Dasmahapatra K S, Citrin P, Hill G J, Yee R, Mohit-Tabatabai M A, Rush B F
J Clin Oncol. 1985 Nov;3(11):1486-9. doi: 10.1200/JCO.1985.3.11.1486.
Recent studies have shown improved efficacy of chemotherapy in patients with advanced squamous-cell cancer of the head and neck. Our purpose was to evaluate prospectively the activity of cisplatin plus 5-fluorouracil (5FU) in 37 patients with advanced stage IV squamous-cell cancer of the head and neck. There were two groups. Group 1 consisted of 19 previously untreated patients with either T4 or N3 disease. They received 100 mg/m2 cisplatin (days 1 and 28) and 120-hour infusion of 1,000 mg/m2/24 hours 5FU (days 1 to 5 and 28 to 32). They subsequently were offered preoperative radiotherapy (RT) and surgery. Group 2 consisted of 18 previously treated patients. They received 5FU and cisplatin in the same dosage every 28 days for either recurrent or metastatic disease. It was found that in group 1 there was an 84% response rate (five complete responses (CR) and 11 partial responses (PR) ). Three of those with PR achieved a CR after RT. Seven patients have had RT plus surgery and are disease free at 8 to 27 month follow-up. Six patients (one CR, five PR) refused surgery and progressed within 4 months. In group 2 there was an 11% response rate after two cycles (two PR), three patients had a minimal response (MR, less than 50% response) and received a mean of four cycles of treatment. Three patients with stable disease received a mean of four cycles of chemotherapy until progression. Two of 11 patients who had received previous chemotherapy plus RT showed an MR; nine of these patients had shown a response to their previous chemotherapy. Only one of 14 patients who had RT plus chemotherapy had a PR, and three had MR. Of five patients who had previous surgery, only one had a PR. All five had received chemotherapy as well. It was concluded that 5FU plus cisplatin is an effective combination in previously untreated patients. In previously treated patients with recurrent disease, there is a substantially lower response rate.

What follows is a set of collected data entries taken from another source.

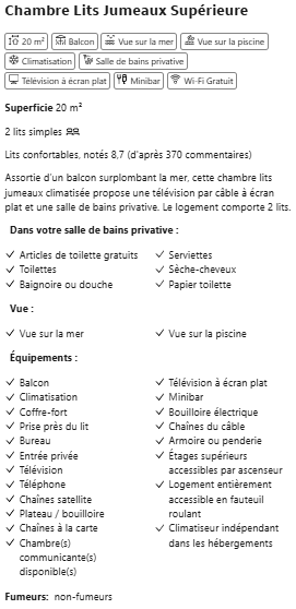L’Hôtel Exsel Créolia met un point d’honneur à l’inclusion : cette chambre est entièrement accessible en fauteuil roulant et desservie par un ascenseur performant. Pour les groupes plus importants, des chambres communicantes sont disponibles dans cette catégorie, offrant une flexibilité précieuse pour vos séjours en famille ou entre collègues. Enfin, l’ensemble du logement est strictement non-fumeur, garantissant un environnement sain et frais durant toute la durée de votre escale. Choisir la Chambre Lits Jumeaux Supérieure, c’est s’offrir le luxe de l’espace, la commodité de deux lits séparés et la magie d’un panorama maritime inoubliable au cœur de la capitale.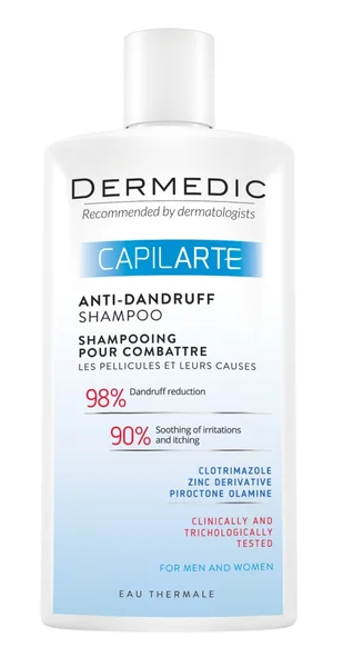 Jemně čistí vlasy a vlasovou pokožku a zmírňuje příznaky suchých i mastných lupů. Obsahuje trojkombinaci aktivních látek Clotrimazol, pyrithion zinku a piroktonový olamin, které působí proti tvorbě lupů. Šampon pomáhá normalizovat vylučování kožního mazu, obnovuje rovnováhu vlasové pokožky a mírní pocity svědění. Dermedic Capilarte šampon proti lupům je vhodný také pro poškozené a řídnoucí vlasy. Zvlhčuje a vyživuje vlasy a předchází jejich třepení. Glycerin a panthenol dávají vlasům lesk, vlasy jsou hladké a snadno se rozčesávají. Šampon byl klinicky a trichologicky testován. Hypoalergenní složení šamponu je vhodné pro citlivou vlasovou pokožku.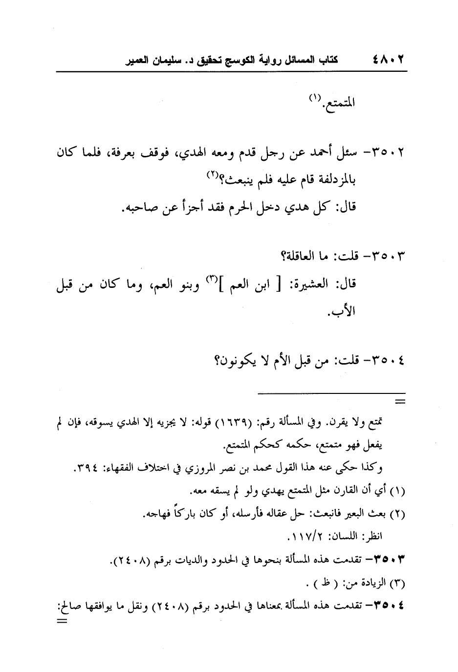 [3502-] سئل أحمد عن رجل قدم ومعه الهدي، فوقف بعرفة، فلما كان بالمزدلفة قام عليه فلم ينبعث؟ 2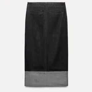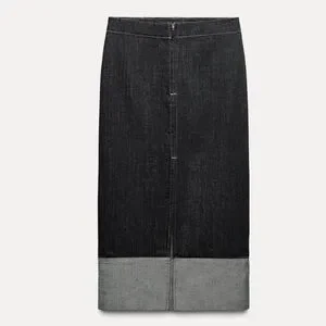 Zara Denim Slit Midi Skirt Dark Blue Zip Hi Waist Women’s Small 9632/271 Y2K 90s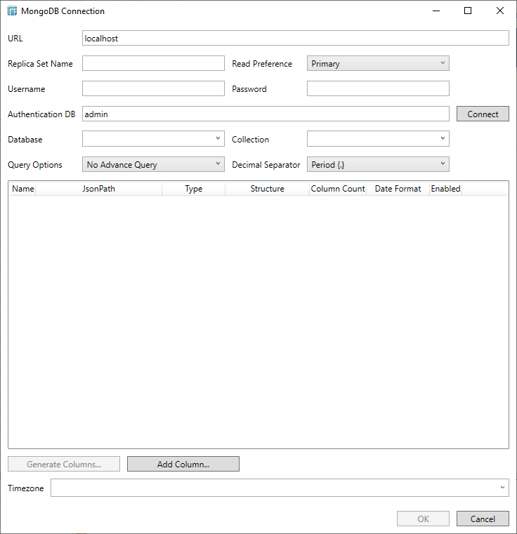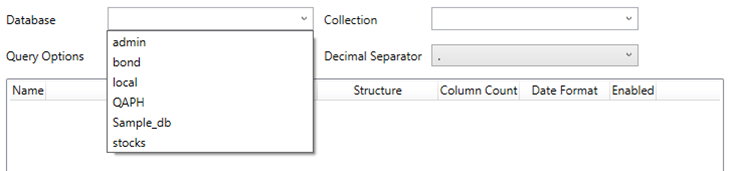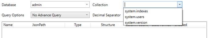 However, if you do not have access to the Admin database, you can manually enter a Database name and click Connect. Then select a Collection in the populated drop-down list box.

近期研究表明,晚期头颈部鳞状细胞癌患者接受化疗的疗效有所提高。我们的目的是前瞻性评估顺铂联合5-氟尿嘧啶(5FU)对37例晚期IV期头颈部鳞状细胞癌患者的治疗活性。研究分为两组。第1组由19例既往未接受过治疗的T4或N3期患者组成。他们接受100mg/m²顺铂(第1天和第28天)以及1000mg/m²/24小时的5FU持续120小时静脉输注(第1至5天和第28至32天)。随后他们接受术前放疗(RT)和手术。第2组由18例既往接受过治疗的患者组成。他们因复发或转移性疾病每28天接受相同剂量的5FU和顺铂治疗。结果发现,第1组的缓解率为84%(5例完全缓解(CR)和11例部分缓解(PR))。其中3例部分缓解患者在放疗后达到完全缓解。7例患者接受了放疗加手术,在8至27个月的随访中无疾病进展。6例患者(1例CR,5例PR)拒绝手术,在4个月内病情进展。第2组在两个周期后缓解率为11%(2例PR),3例患者有微小缓解(MR,缓解率小于50%),平均接受了4个周期的治疗。3例病情稳定的患者平均接受了4个周期的化疗直至病情进展。11例既往接受过化疗加放疗的患者中有2例出现微小缓解;这些患者中有9例对既往化疗有反应。14例接受过放疗加化疗的患者中只有1例部分缓解,3例微小缓解。5例既往接受过手术的患者中只有1例部分缓解。这5例患者也都接受过化疗。研究得出结论,5FU加顺铂对既往未接受过治疗的患者是一种有效的联合治疗方案。对于既往接受过治疗的复发患者,缓解率则显著较低。